Sometimes there can be such a thing as being overprepared.
“With the players, I do not believe in starting game-planning longer or more out in front than you would on a normal week,” Georgia Tech coach Brent Key told 680 The Fan on Tuesday. “I’ve just been a part of that where it becomes stale, it becomes mundane and you really kind of forget. You almost go back into (preseason) camp mode. You don’t get the newness of it.”
Thus, Key’s Yellow Jackets have only scratched the surface when it comes to studying Colorado, their season-opening opponent Aug. 29 in Boulder, Colorado. Key did say that he watched all of Colorado’s games from the past two seasons, and that he and his staff have been working on a game plan throughout the summer.
But his players mostly have been focusing on their own playbooks for the past three weeks.
“We’ll have some teach periods (Tuesday) in practice that will be based on the next opponent,” Key added. “We’ll probably have 40-45 minutes over the next two days, but then Thursday the players will be off and then Friday we’ll jump in and we’ll be rockin’ and rollin’ for Colorado.”
Colorado, coached by Deion Sanders, went 4-8 in 2023 and then 9-4 in 2024 and lost to Brigham Young in the Alamo Bowl. The ’24 team was led by Heisman Trophy winner Travis Hunter, a wide receiver and cornerback, and quarterback Shedeur Sanders, Deion’s son.
Hunter and Shedeur Sanders are now in the NFL and are only two of the many players the Buffaloes lost in the offseason. Colorado has only six returning starters, and according to reports, running back Dallan Hayden already has been ruled out of the game against Tech because of injury.
The Colorado defense, however, often undervalued or overlooked under coordinator Robert Livingston, has caught Key’s eye.

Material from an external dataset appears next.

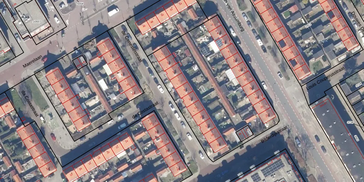 Het perceel waarop de Genestetstraat 9 staat heeft een oppervlakte van 3010 m². Dit is een zeer groot perceel. De perceeloppervlakte wordt geregistreerd door het Kadaster. Gedetailleerde informatie over de maten van dit perceel kunt u vinden in het rapport Kadastrale kaart met maatvoering van de Genestetstraat 9.

“They’re a fast football team. They’re fast, they play hard,” Key said. “The guys on D-line, regardless of who it is, just schematically they’ve done a good job the last couple years — last year how they improved their defense from Year 1 to 2. The players they play with, they play hard. Schematically, they don’t appear very difficult, but they do some things that are very challenging. You can tell they’re playing for something bigger than just that game.”
This time last year the Jackets were readying to open the season in Dublin, Ireland, against No. 10 Florida State. The anticipation for that matchup is somewhat akin to the one featured at the end of this month, a chance for Tech to take its show on the road to play a Power 4 conference opponent on a nationally televised stage (8 p.m., ESPN).
Tech has not opened a season with a true road game since 2020, when it went to FSU and won 16-13. It hasn’t started the season on the road against a nonconference opponent since going to Notre Dame to start the 2007 season and winning 33-3.
The prevailing sense around the program is that much of the college football world will be watching to see how the Jackets handle this next challenge at a sold-out Folsom Field.
“Just another opportunity for people across the country to see Georgia Tech. And I didn’t say Georgia Tech football. To see Georgia Tech,” Key said. “We feel like we represent the entire school when we’re on TV, when we go and play. That’s why I’m so proud of these kids.”